Get SMART about Your Goals
Get SMART About Your Goals
As promised, here’s the much anticipated post on SMART goals. SMART goals are used across many different fields including in fitness, motivational coaching and therapy, due to its power in turning vague desires into practical, achievable, and intentional outcomes. A while back I posted about the difficulty in sticking to our New Year’s Resolutions, so go ahead and dust that list off and choose one that you’re ready to accomplish! Keep that goal in mind as you read through the rest of this post.
SMART stands for the following:
Specific: Choose a goal that is very clear and direct. Say you’d like to get healthy. Well, what exactly does that mean to you? Does that mean buying chocolate covered almonds instead of a family-sized bag of gummy bears? Rather than the vague goal, “get healthy” or “exercise more”, a specific goal means thinking about the what, when, where, how and why. Think especially about what is it that you want to achieve, and how exactly you going to work to get there.
Measurable: Making a goal measurable means having a way to quantify it. For example, sticking with the goal of dropping 5lbs, that may mean working to lose 1lb a week, for a total of 5 weeks. Or, if you’re training for that 5k, think about how often you will run each week and for what duration, so that you have a plan laid out that you can stick to as the weeks go by.
Attainable: An attainable goal is one that is scientifically achievable. That’s to say, I may want to build a six pack in a week’s time, but I know my body well enough to say it’ll take me two weeks. Just kidding. It would take me way longer than that. Similarly, if you are currently bench pressing 30lbs and your goal is to bench press 31, you might be going a bit too easy on yourself. Make your goal challenging enough to push you, but not overly ambitious. You’re trying to accomplish it after all!
Relevant/realistic: Think about what makes sense for you, based on your own life, personality, access, etc. If I am prone to shin splints, it probably isn’t a very good idea for me to start running 30 minutes, 3 times a day, without working with a physical therapist and starting slowly, with shorter runs. Likewise, you may really want to transition to a vegan diet, by swapping one meaty, cheese dinner a week with an equally scrumptious vegan dinner, but if you can’t cook, or hate vegetables, that may not be a great idea. Although, you could certainly call upon Nourish Northwest for some personal cheffing to make you some delightful vegan meals (like tasty veggie tacos), or try out a cooking class with us. Regardless, it is your goal and your life, so make it work for you!
Timely: Set a deadline for that goal! It might be hard to stick to a goal with an end date that is too far away. Choose a 5k race that is 10 or 12 weeks away, or set a timeline and then write it on your calendar!

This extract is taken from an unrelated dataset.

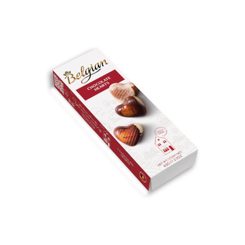 Belgian 65g Chocolate Hearts Hazelnut Prémium belga minőség egyetlen harapással a szívedhez. A Belgian 65g Chocolate Hearts Hazelnut a gazdag kakaó és a mogyoró praliné töltelék tökéletes egyensúlyát kínálja, szív alakú formában, hogy a desszertélmén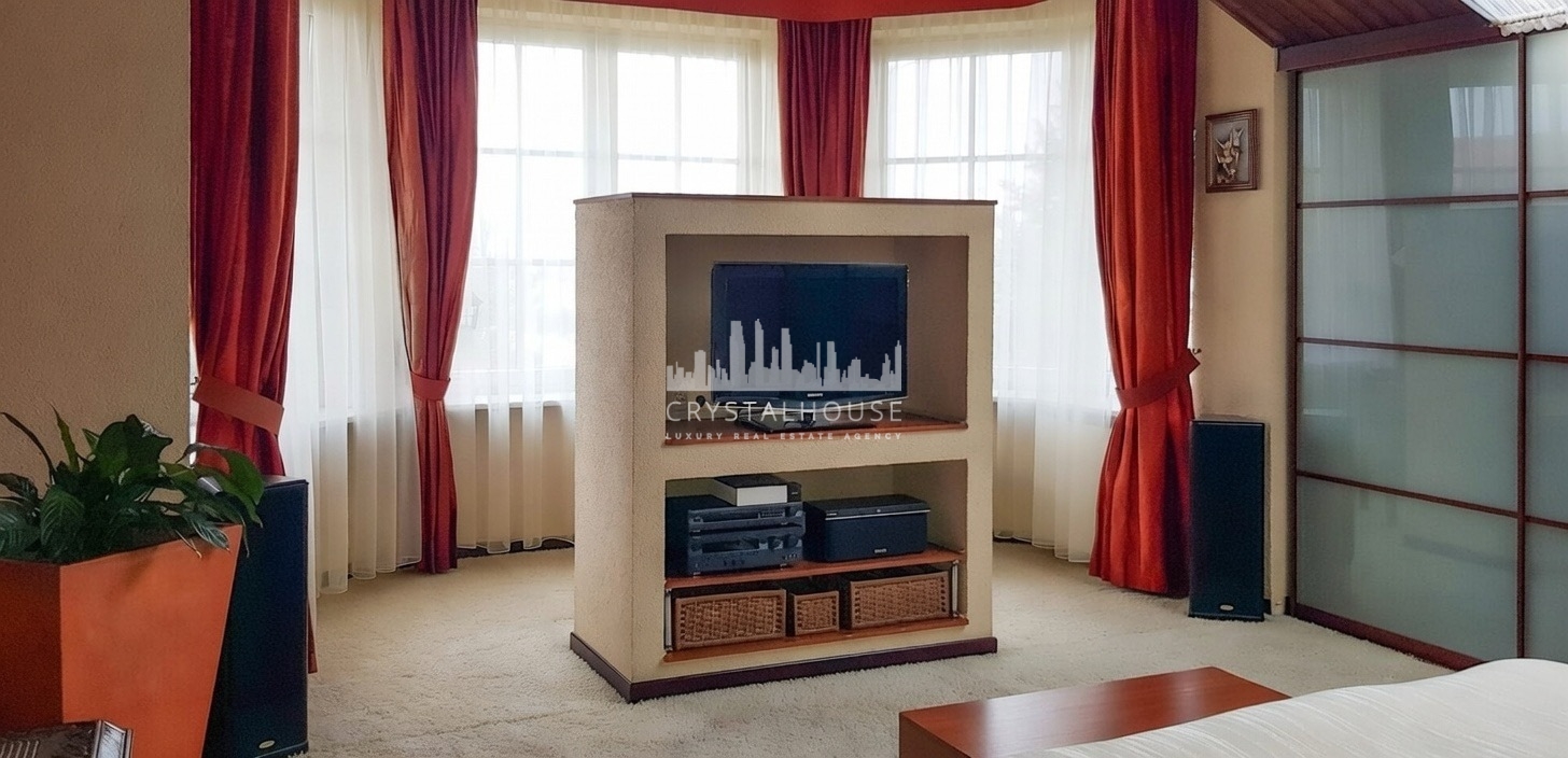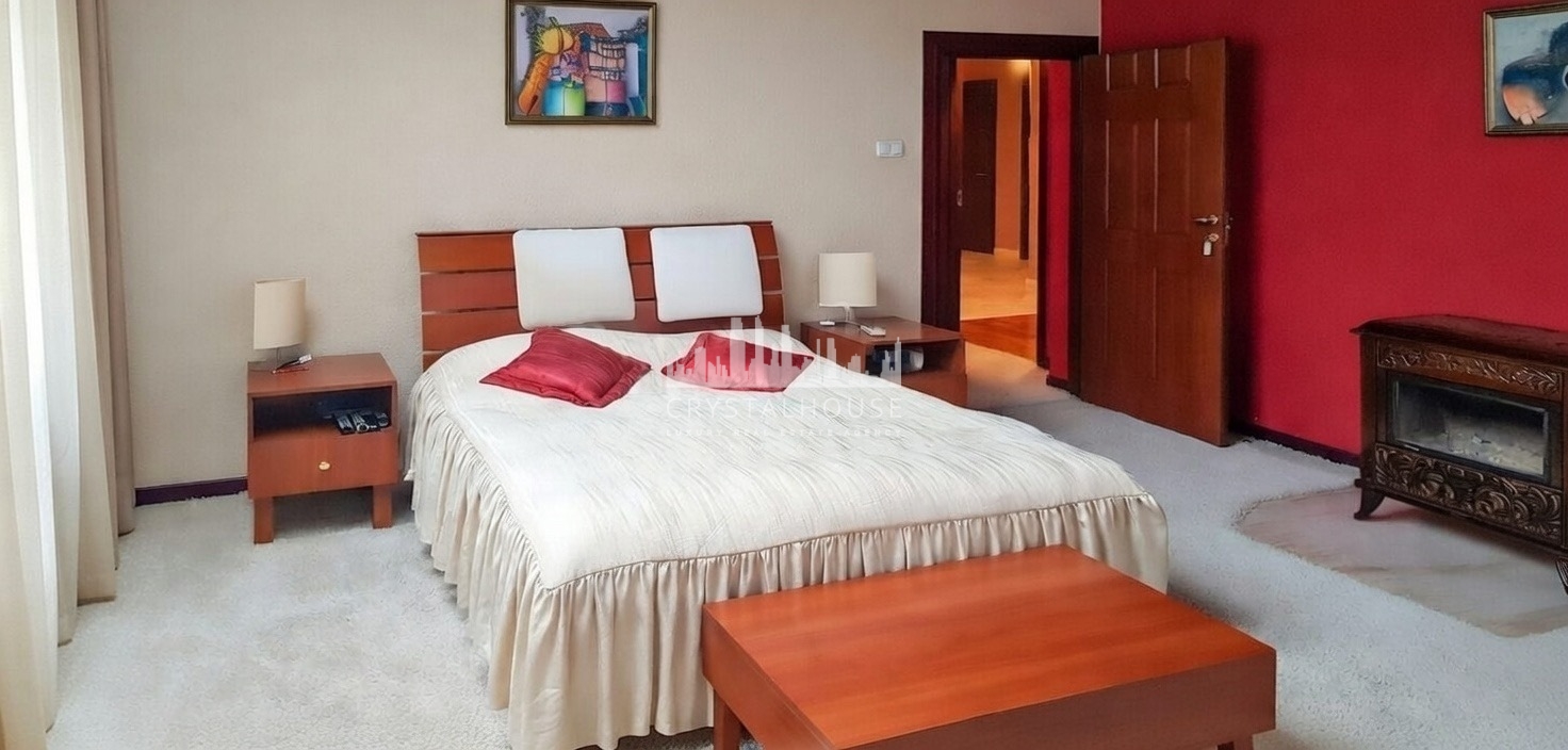 Po udaniu na piętro mamy do dyspozycji 4 sypialnie, w tym master bedroom, o pow. 35m2. Główna sypialnia wyposażona jest w dwie garderoby, toaletkę, ceramiczny, wolnostojący kominek, oraz klimatyzację.

Now that you’ve read through the meaning behind SMART, go ahead and come up with a SMART goal of your own.
Here are some examples to help you out:
I will run 3 times a week to increase my running speed so that I can run my upcoming September 10K race in less than 1 hour.
I am going to decrease my overall body fat percentage by 4 percent in 3 months by taking a Bootcamp class 3 times a week and working with a dietitian to create a nutrition plan.
Creating SMART goals can help make those hopes a reality, by breaking them down into a mini plan of action and keeping us motivated. If you need any help setting some SMART goals, feel free to talk to one of us at the end of a fitness class! We are here for you and happy to be a resource. Go forth and set some goals!